# Lingerie:December NEW PIGMENTS!



## pumpkincat210 (Sep 28, 2005)

Yes! I've been dying for a few new pigments to choose from.  Anyone know what colors they will be? I'm so excited now!


----------



## labelslut (Sep 28, 2005)

I have no idea but chouay from MUA apparently has seen the collection!  So maybe check her previous posts?  But the mineralise skinfinish sounds absolutely fabby!!


----------



## singinmys0ng (Sep 28, 2005)

ooo i love christmas time just becauase of mac. lol they always come out with the best stuff around then imo!


----------



## Joke (Sep 28, 2005)

What did I miss? New piggies?? Yay!!


----------



## Juneplum (Sep 28, 2005)

i saw a post on LJ this morning about them.. apparently they're going to be .. LE!!!! urrgghh =/


----------



## leppy (Sep 28, 2005)

Goldenaire: Peach with gold pearl

Lovely Lily: lavendar with pink/red pearl


----------



## starlight502 (Sep 28, 2005)

also 2 skinfinishes! 

Naked You - Pale beige with grey and brown veining (maybe something like Prism blush)

Petticoat - Pale rose with gold and amber veining


----------



## user2 (Sep 28, 2005)

Quote:

   Originally Posted by *leppy* 
_Goldenaire: Peach with gold pearl

Lovely Lily: lavendar with pink/red pearl_

 
Ooooohhhhh!!!

They are soo be mine!!!!

And this Petticoat MSF...mhhhhhhh!

Thx for posting!


----------



## litlaur (Sep 28, 2005)

They should re-release So Ceylon!


----------



## bluegrassbabe (Sep 28, 2005)

ANyone know the release date for these?


----------



## Juneplum (Sep 28, 2005)

so far we only know they're coming out in december..no actual date yet =/


----------



## PrettyinPink (Sep 28, 2005)

Quote:

   Originally Posted by *starlight502* 
_also 2 skinfinishes! 

Naked You - Pale beige with grey and brown veining (maybe something like Prism blush)

Petticoat - Pale rose with gold and amber veining_

 
Oh wow!

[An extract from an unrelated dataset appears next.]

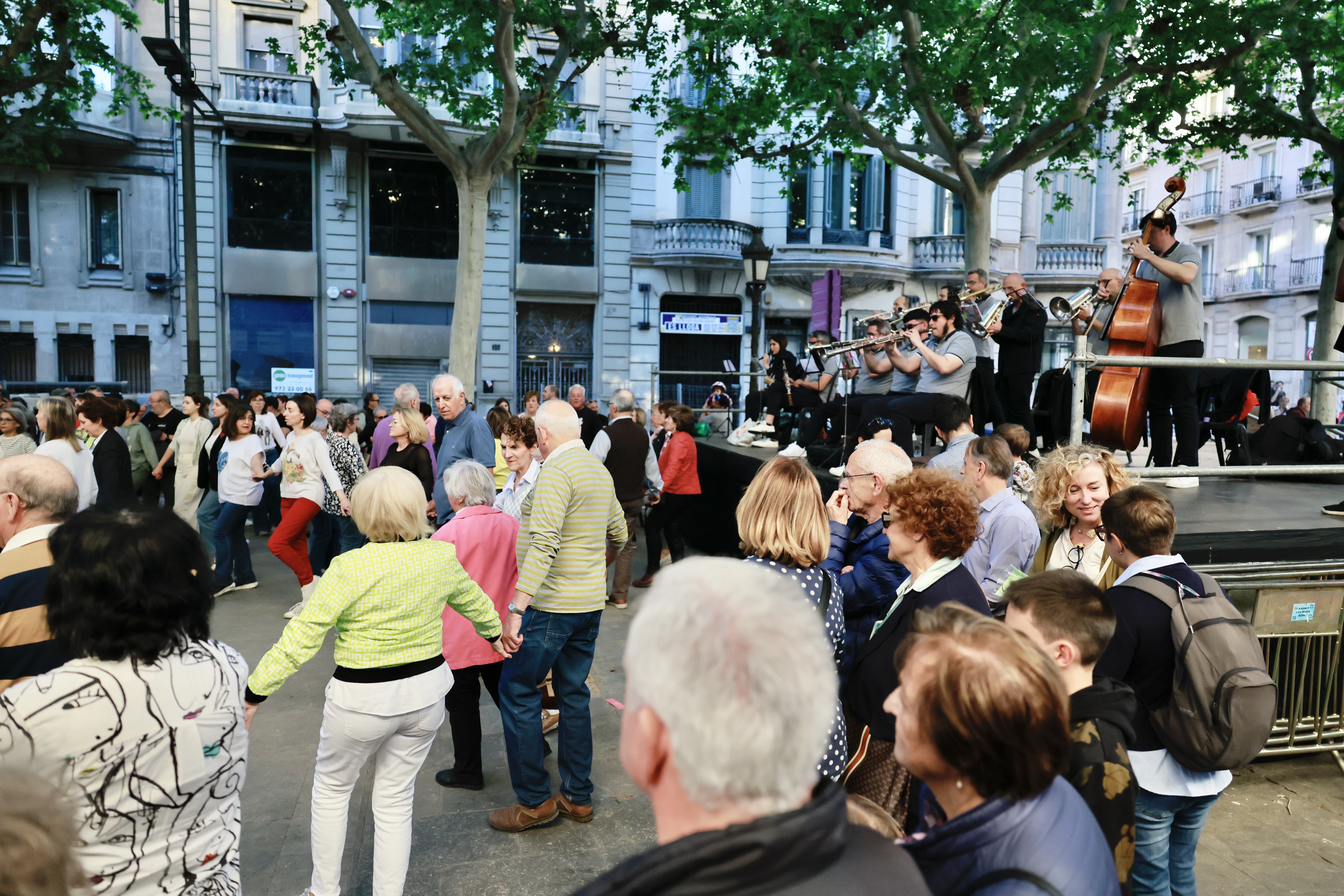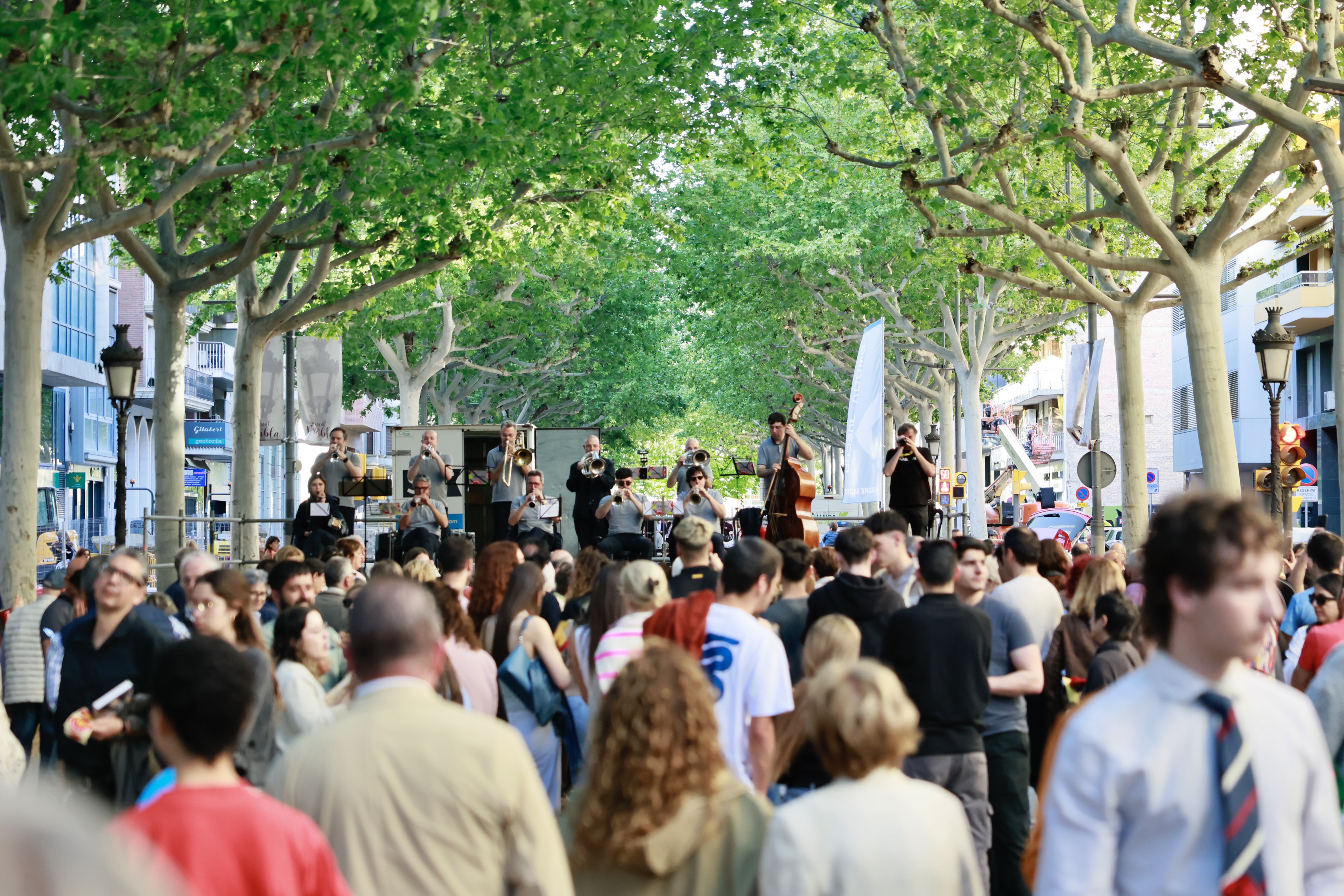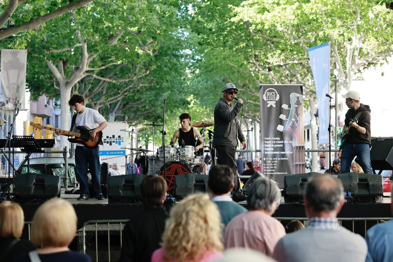 A la tarda, la ciutadania que s’ha acostat al centre de la ciutat ha pogut gaudir de l’actuació de joves talents com la Paula Milara i el grup Angelo, participants del projecte BUC-LAB 2025, a l’escenari ubicat al final de la Rambla Ferran, cruïlla amb el carrer Democràcia. També en aquest espai s’ha fet la tradicional ballada de sardanes, a càrrec de la Cobla Tàrrega.

These sound so pretty! Thanks for the post - I can't wait till December!


----------



## PrettyinPink (Sep 28, 2005)

Quote:

   Originally Posted by *singinmys0ng* 
_ooo i love christmas time just becauase of mac. lol they always come out with the best stuff around then imo!_

 
I Agree! They have such great collections and come out with so much good stuff during the holidays! I'm excited!


----------



## rein_queen (Sep 28, 2005)

I heard the release date is Dec 26.  Just the pick-me-up you need when trying to return Christmas gifts/break into the sales!


----------



## V2LUCKY (Sep 28, 2005)

Quote:

   Originally Posted by *leppy* 
_Goldenaire: Peach with gold pearl

Lovely Lily: lavendar with pink/red pearl_

 
 Quote:

   Originally Posted by *starlight502* 
_also 2 skinfinishes! 

Naked You - Pale beige with grey and brown veining (maybe something like Prism blush)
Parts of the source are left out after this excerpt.